On May 17, 1995, Gerald, then three years old, was admitted at the Ospital ng Maynila for a pull-
through operation. Dr. Leandro Resurreccion headed the surgical team, and was assisted by Dr.
Joselito Luceño, Dr. Donatella Valeña and Dr. Joseph Tibio. The anesthesiologists included Dr.
Marichu Abella, Dr. Arnel Razon and petitioner Dr. Fernando Solidum (Dr. Solidum). During the
operation, Gerald experienced bradycardia,7 and went into a coma. His coma lasted for two
weeks, but he regained consciousness only after a month. He could no longer see, hear or move.
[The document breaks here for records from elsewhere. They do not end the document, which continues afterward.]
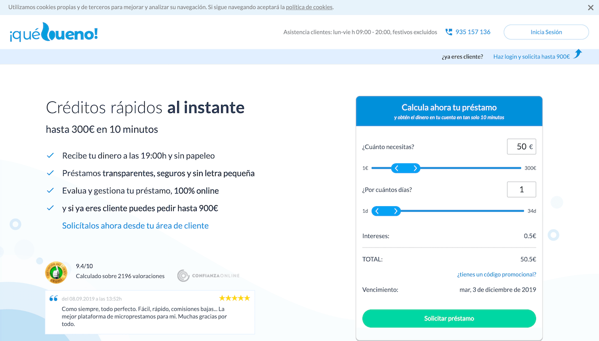 QueBueno, que es un sitio web que puede encontrarse referenciado en gran cantidad de comparadores de préstamos, cuenta con un sistema que compara, evalúa y escoge entre todos los clientes. En QueBueno tu crédito puede ser aprobado en cuestión de minutos en cualquier lugar de España. Adicionalmente, gracias a su página web podras encontrar directamente toda la información que necesitas y las condiciones completas sobre las que estarás solicitando el préstamo. Por esta razón podemos asegurarte que su sistema es tremendamente eficaz, veloz y sobre todo confiable.
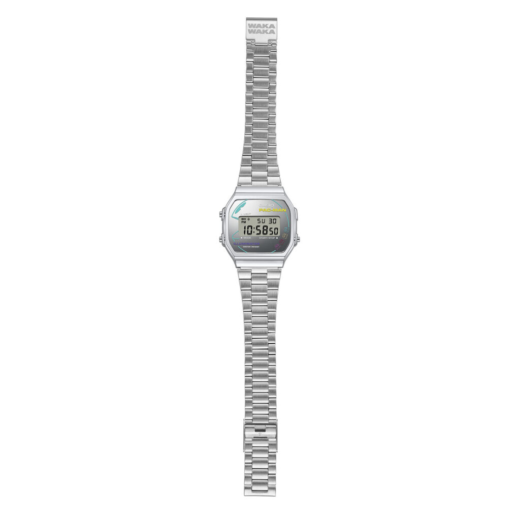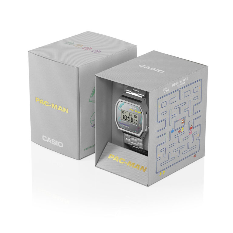 Los modelos A168WEPC y F-91WPC incorporan a PAC-MAN y los cuatro FANTASMAS (Blinky, Inky, Clyde y Pinky) en un diseño atrevido con una paleta de colores neón vibrantes, otorgándole un estilo pop. El característico sonido que PAC-MAN hace al comer puntos — ‘WAKA WAKA’ — está impreso en la cubierta del cierre del A168WEPC y se muestra en la pantalla LCD cuando se ilumina. Además, está presente en el sujetador de la banda del F-91WPC, añadiendo un toque distintivo.
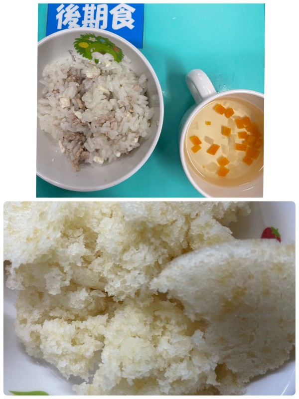 豚そぼろおじや、スープ 15時のおやつ 蒸しパン
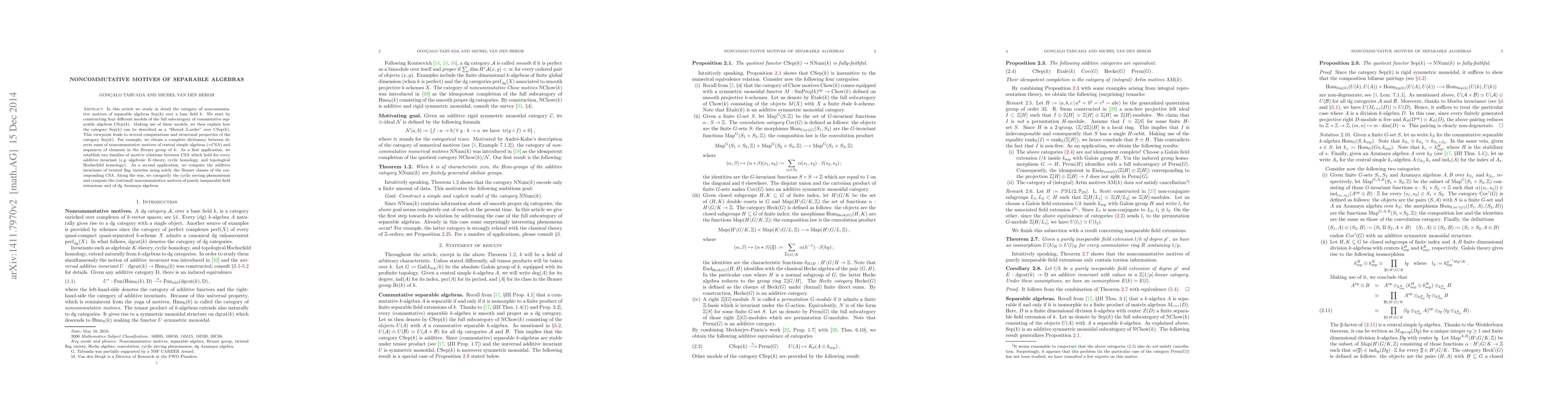 This paper explores the category of noncommutative motives of separable algebras over a base field, constructs four models for commutative separable algebras, and shows Sep(k) can be described as a "fibered Z-order" over CSep(k). It provides a dictionary between noncommutative motives and Brauer group elements and applies these findings to compute motivic relations and invariants of twisted flag varieties.

Agitated by her son’s helpless and unexpected condition, Ma. Luz Gercayo (Luz) lodged a complaint
for reckless imprudence resulting in serious physical injuries with the City Prosecutor’s Office of
Manila against the attending physicians.

Issue: WON Dr. Solidum is guilty of Reckless Imprudence Resulting in Serious Physical Injuries.

Ruling:

The Prosecution did not prove the elements of reckless imprudence beyond reasonable doubt
because the circumstances cited by the CA were insufficient to establish that Dr. Solidum had been
guilty of inexcusable lack of precaution in monitoring the administration of the anesthetic agent to
Gerald. The Court aptly explained in Cruz v. Court of Appeals that:

Whether or not a physician has committed an "inexcusable lack of precaution" in the treatment of his
patient is to be determined according to the standard of care observed by other members of the
profession in good standing under similar circumstances bearing in mind the advanced state of the
profession at the time of treatment or the present state of medical science. In the recent case of
Leonila Garcia-Rueda v. Wilfred L. Pacasio, et. al., this Court stated that in accepting a case, a
doctor in effect represents that, having the needed training and skill possessed by physicians and
surgeons practicing in the same field, he will employ such training, care and skill in the treatment of
his patients. He therefore has a duty to use at least the same level of care that any other reasonably
competent doctor would use to treat a condition under the same circumstances. It is in this aspect of
medical malpractice that expert testimony is essential to establish not only the standard of care of
the profession but also that the physician's conduct in the treatment and care falls below such
standard. Further, inasmuch as the causes of the injuries involved in malpractice actions are
determinable only in the light of scientific knowledge, it has been recognized that expert testimony is
usually necessary to support the conclusion as to causation.